Since the beginning of this year, China has exhibited signs of stuttering economy. Sluggishness is particularly obvious in the manufacturing sector, which is the nation's main growth-engine. Despite numerous risks, China remains steadfast towards keeping economic growth at appropriate levels while pressing ahead with reforms. KResearch holds the view that China probably will have other new tools to help shore up its economy in 2015, projecting that the state will likely miss its target by a whisker, only expanding around 6.9 percent.

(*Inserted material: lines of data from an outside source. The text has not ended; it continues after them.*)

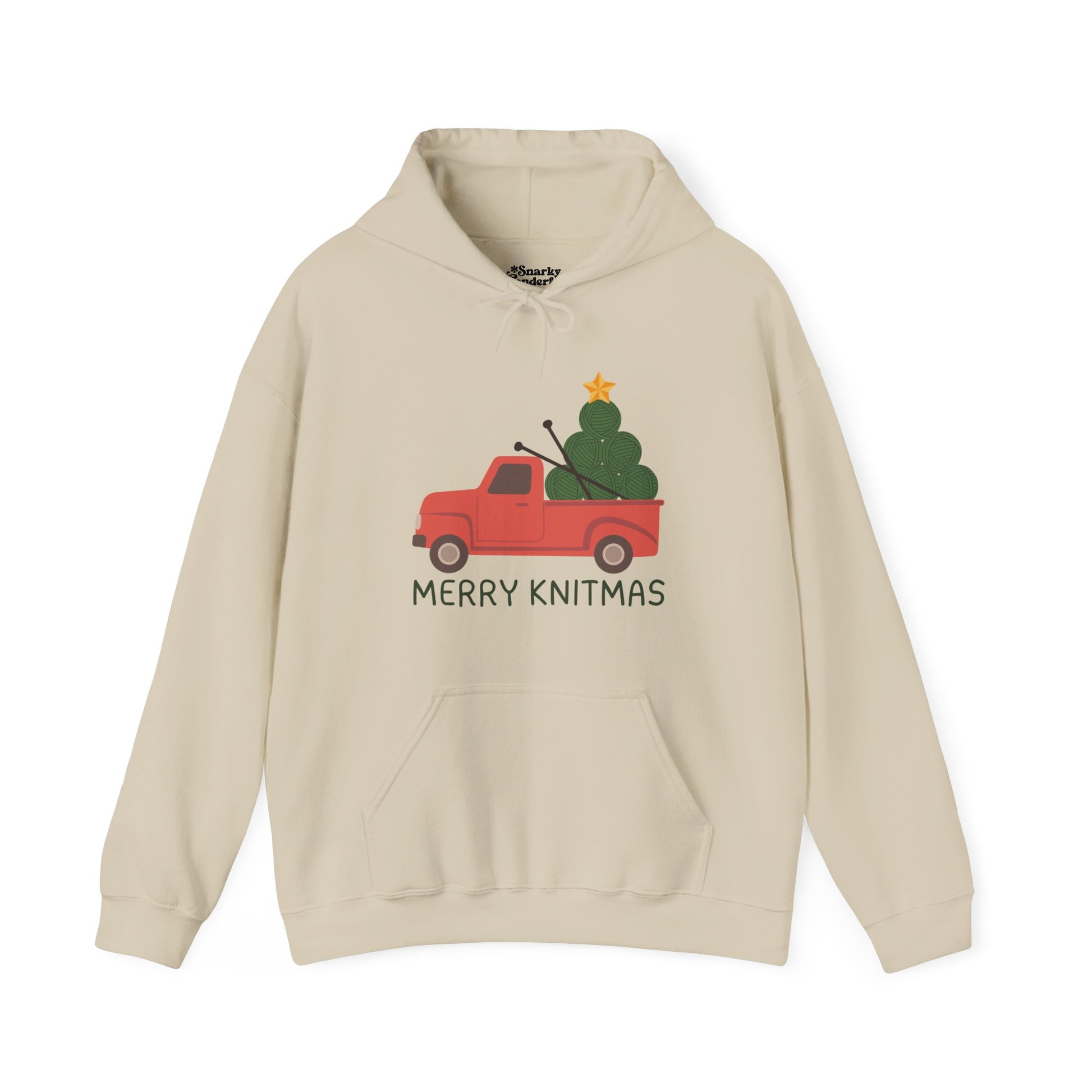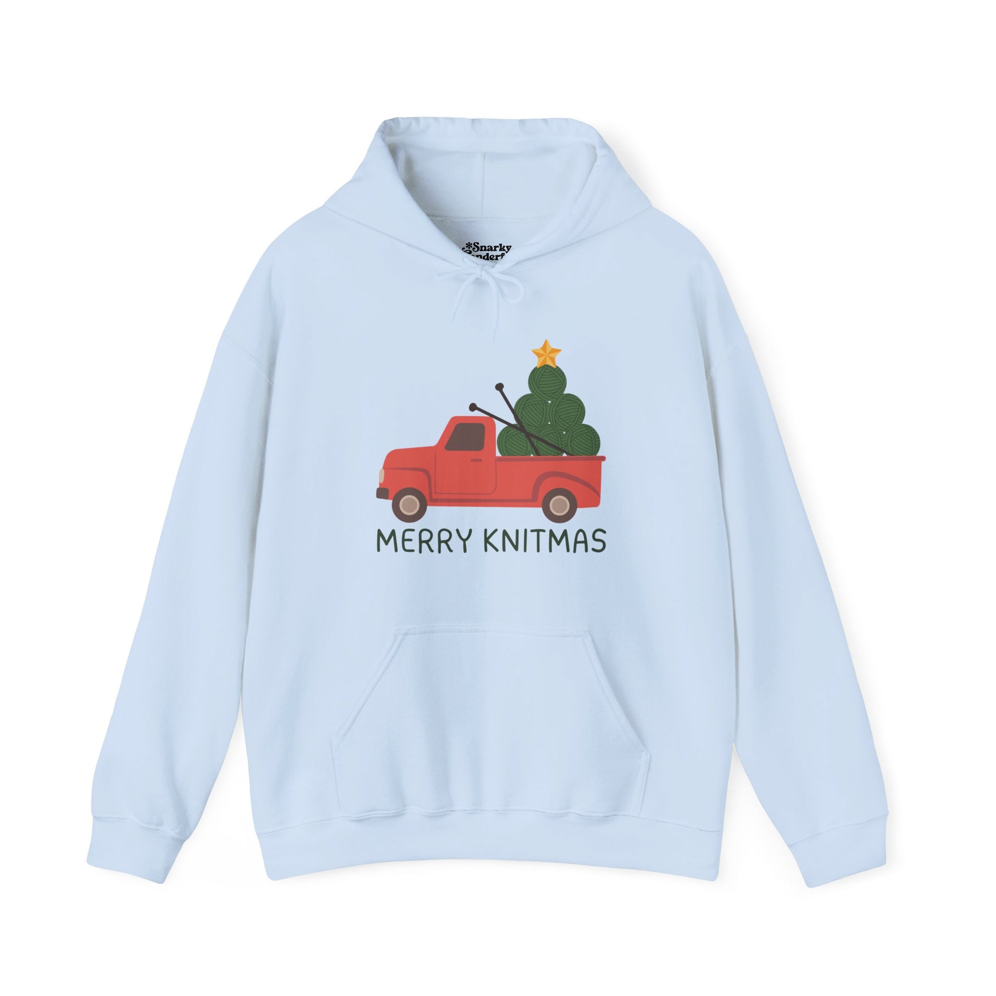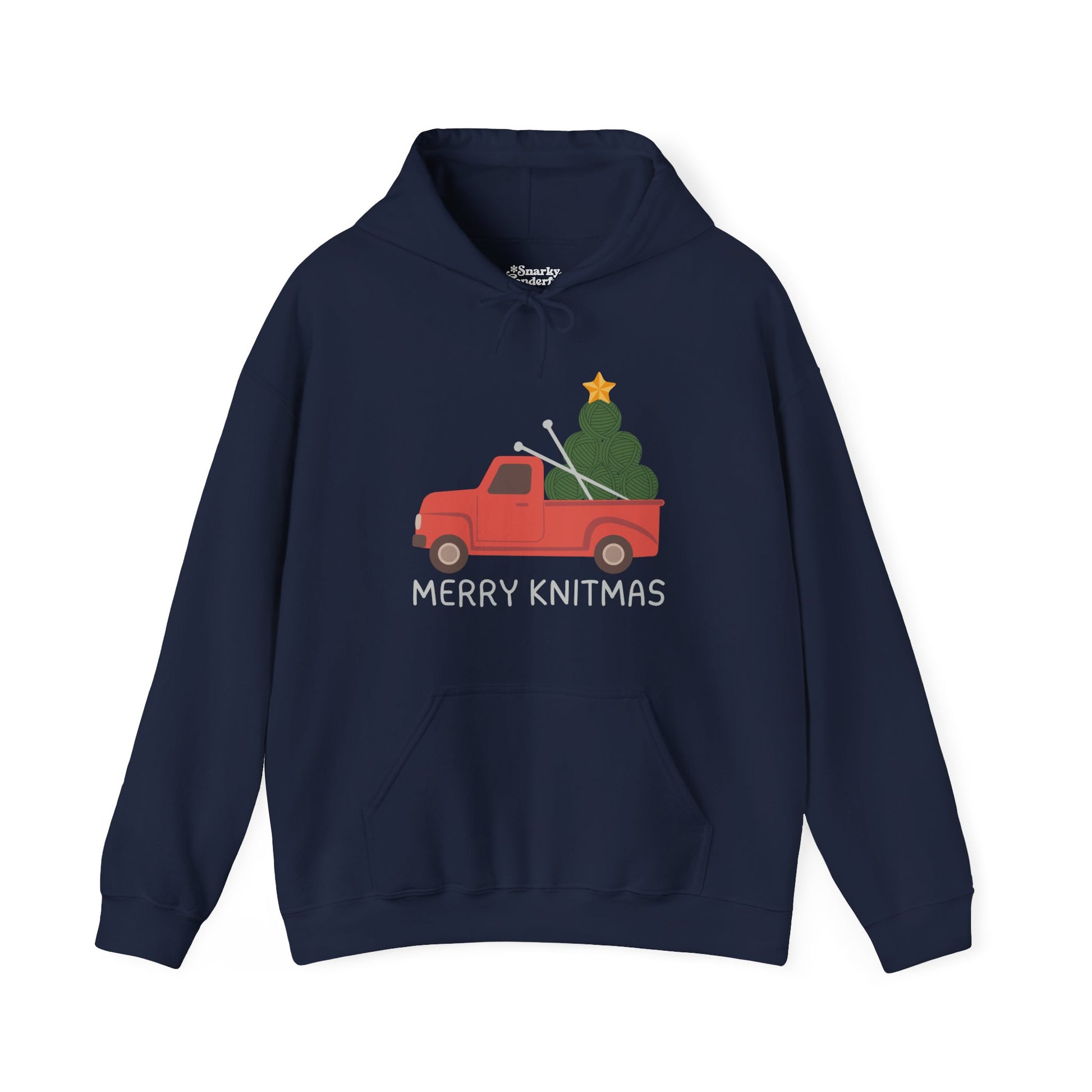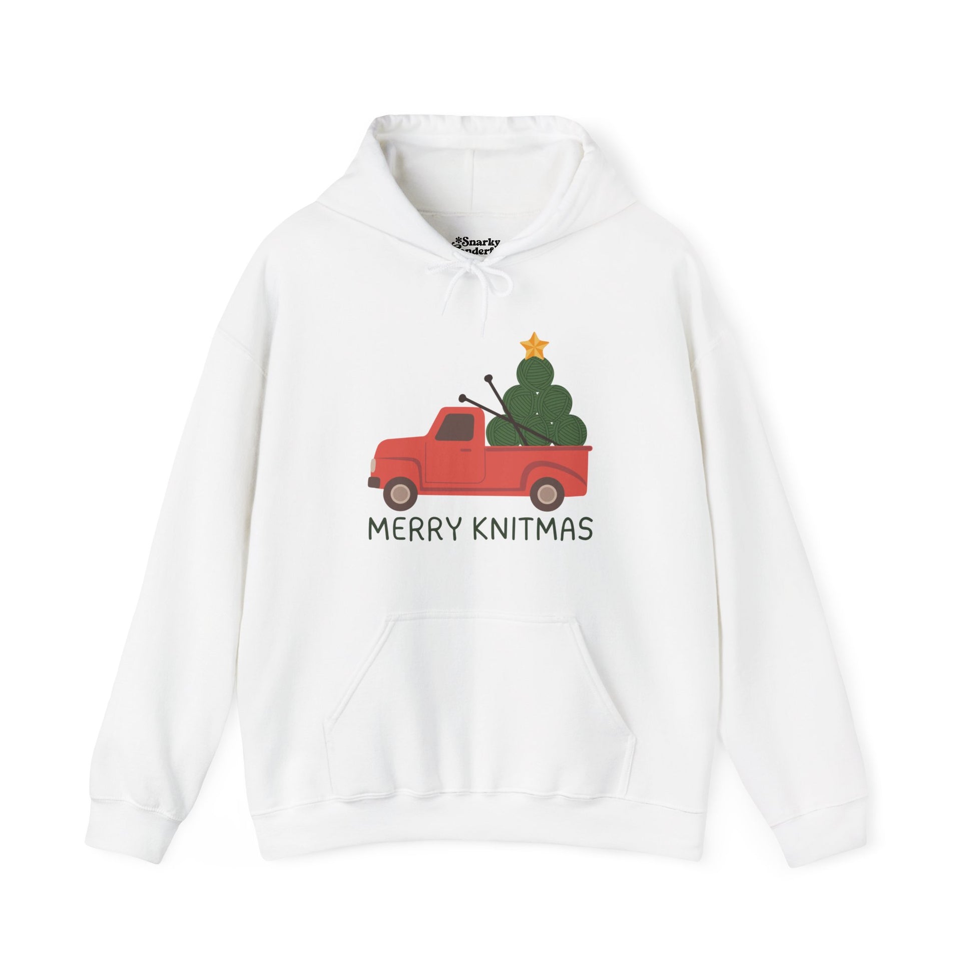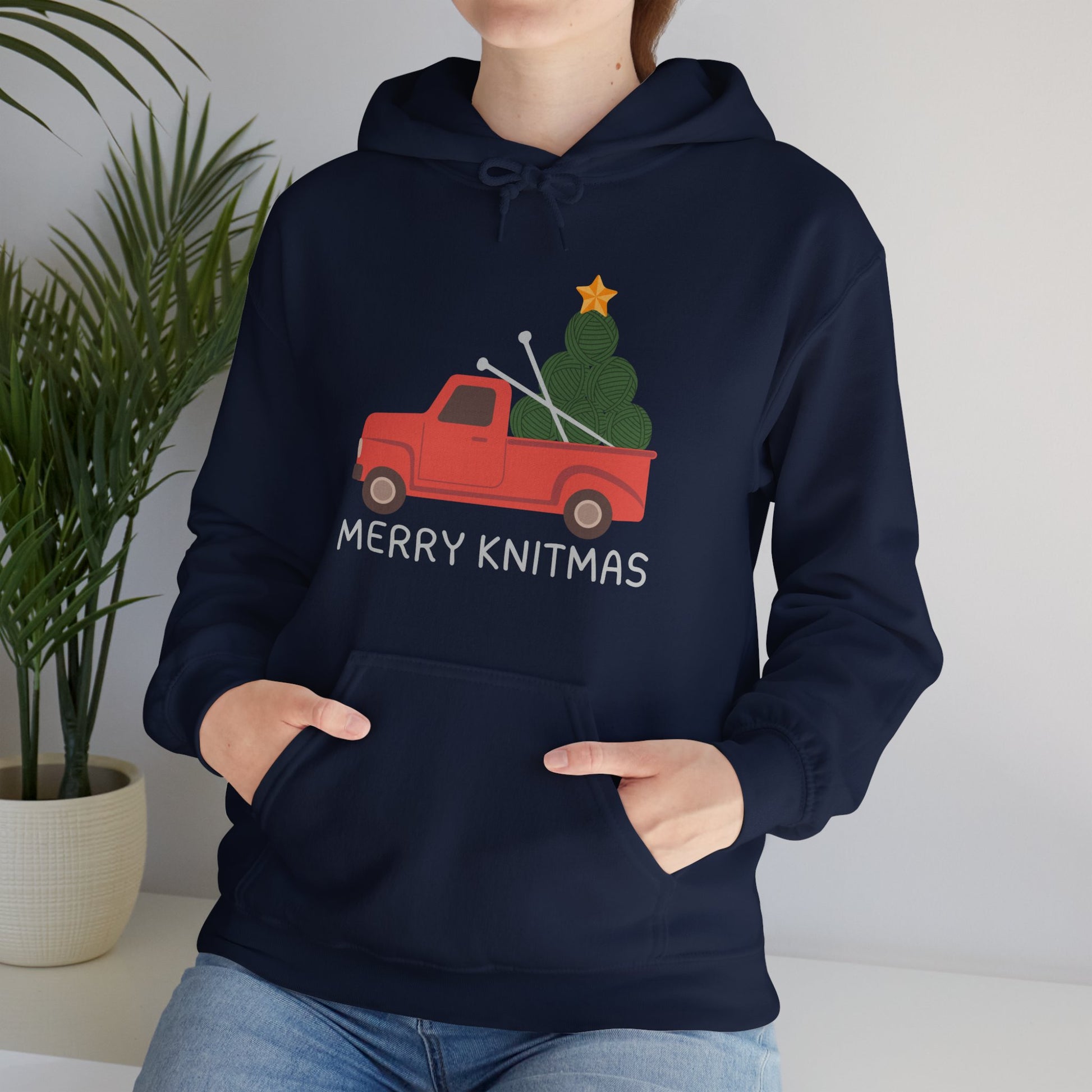 Celebrate the season with a warm 'Merry Knitmas'! This hooded sweatshirt brings together the charm of a classic Christmas truck with a twist that knitters will love.
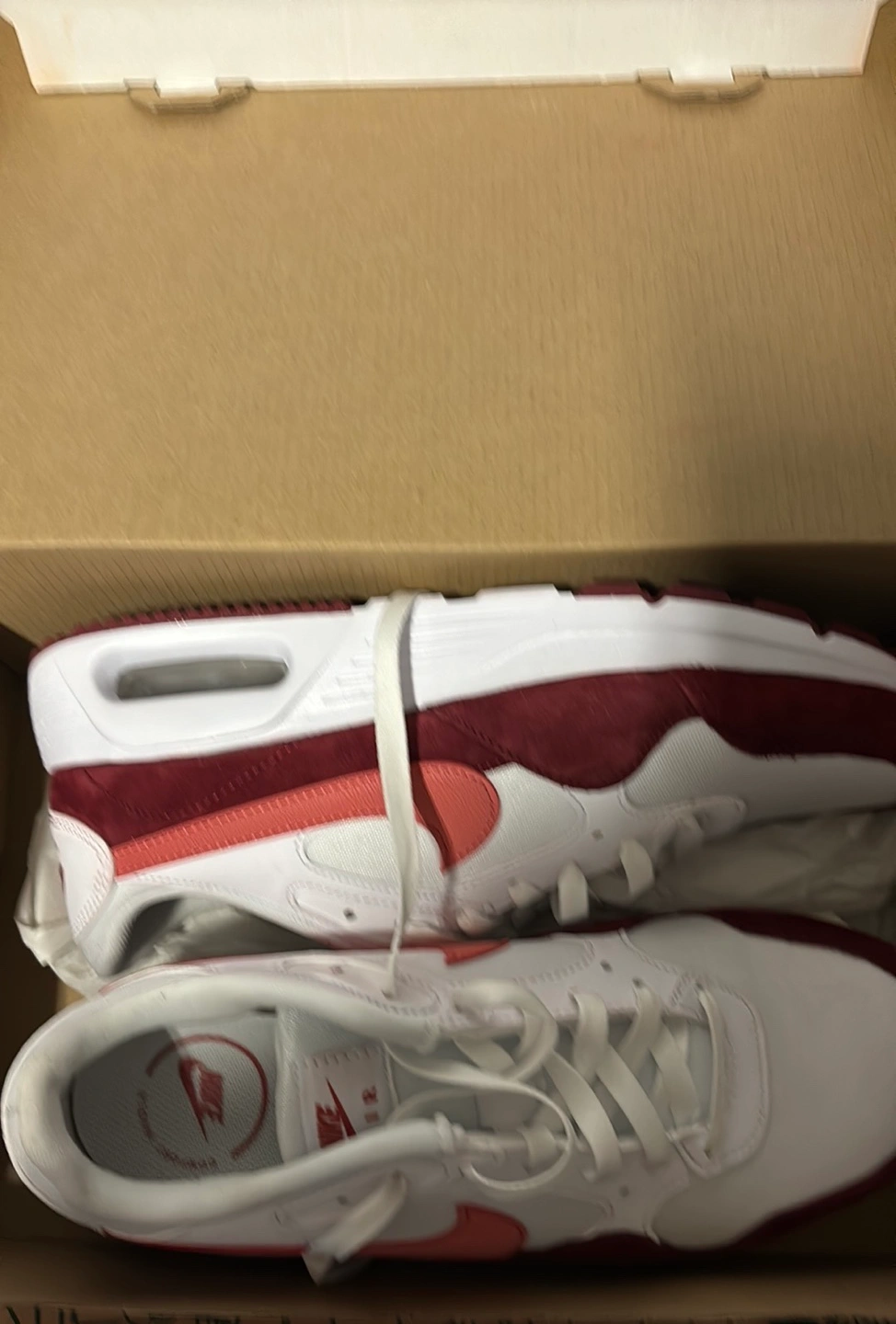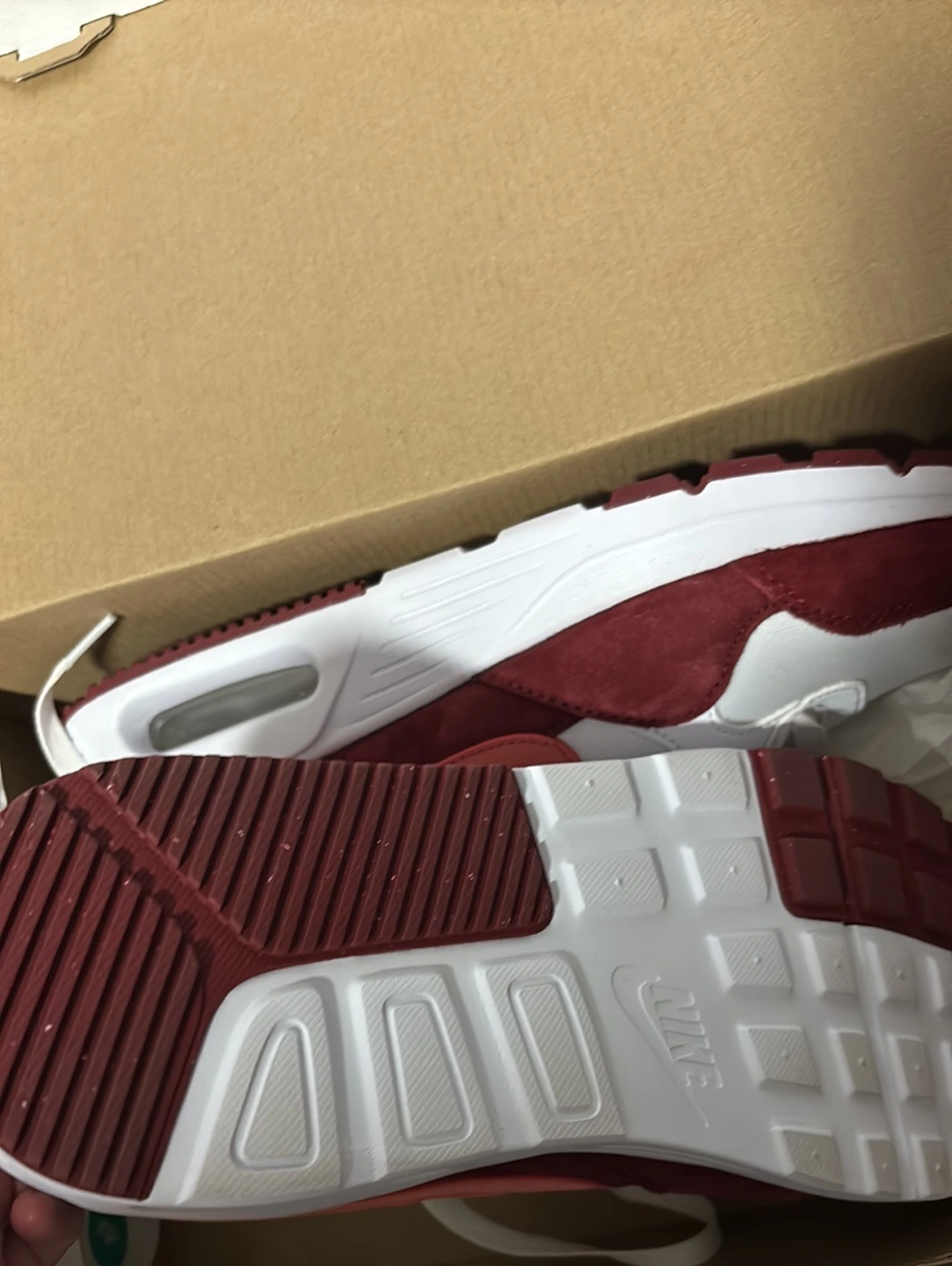 Nike Air Max 1 running shoes. White and burgundy colour. New in box, never worn. Fresh looking Never worn.
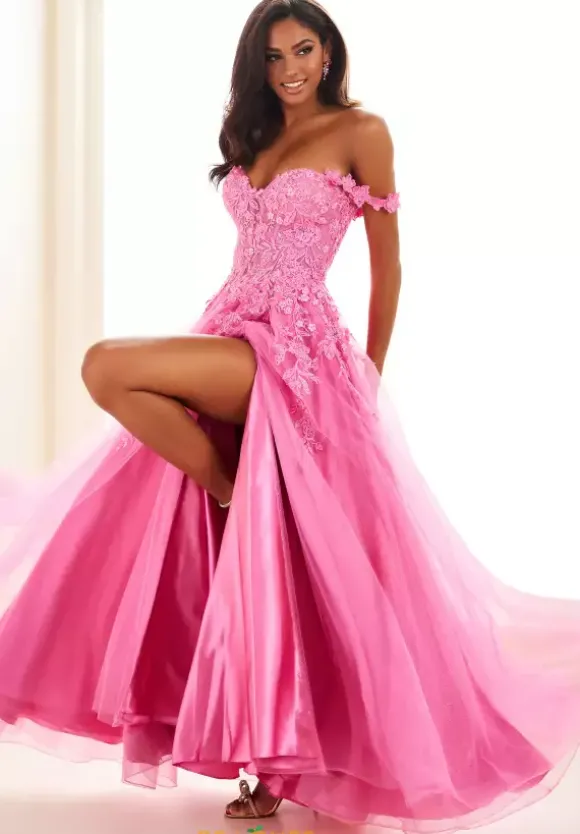 Look as ethereal as ever in this enchanting Ellie Wilde A-line dress EW35101. Glistening from top to bottom, This flattering A-line features dazzling floral appliques throughout the entire fitted corset bodice and glittering tulle skirt that features a timeless slit paired with a classic sweep train.
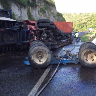 Personal de rescate acudió al lugar donde se hallaba un tráiler volcado, el cual se había incendiado. Los bomberos procedieron a sofocar el incendio.
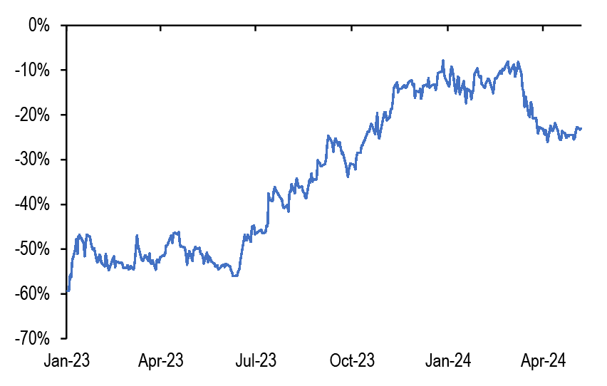 • After the release this week of the Fed’s senior loan officer survey, along with the ECB’s bank lending survey that was released a few weeks ago, financial conditions have again featured in our conversations. After the significant decline in respondents reporting a tightening in lending standards in both the US and the Euro area in the 1Q24 surveys, the latest survey suggested a modest tightening for the US in 2Q and a continued modest decline to close to zero for the euro area.
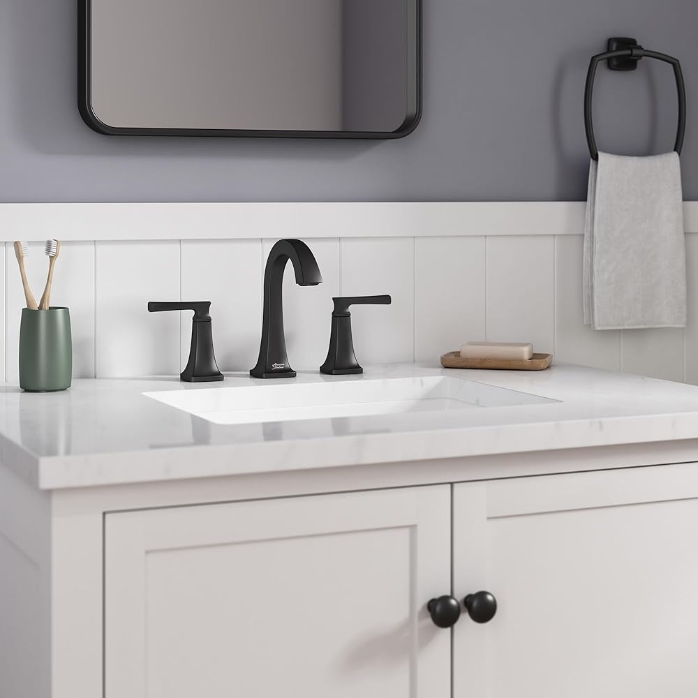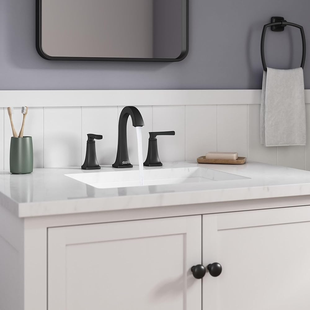 The Belmeade Two-Handle Widespread Bathroom Faucet from American Standard is a stately design with defined edges, a gently curved spout and sturdy lever handles. Impressive in any bathroom setting, the Belmeade faucet is easy to install for a quick update. This two-handle, 3-hole faucet promises drip-free performance, lasting beauty, and reliability in the busiest bathroom.

Within the foreseeable future, if China can overcome its existing structural problems with the help of development strategies that highlight regional development cooperation, e.g., implementation of its Silk Road Economic Belt, and the 21st Maritime Silk Road, its growth should improve. China has also set out to pursue a “Made in China 2025” strategy that is intended to restore Chinese products' poor image of being low in quality by incorporating sophisticated technology. With these constructive measures, it is expected that China's economy will gain some momentum over the long run amid a rapidly changing trade and investment landscape.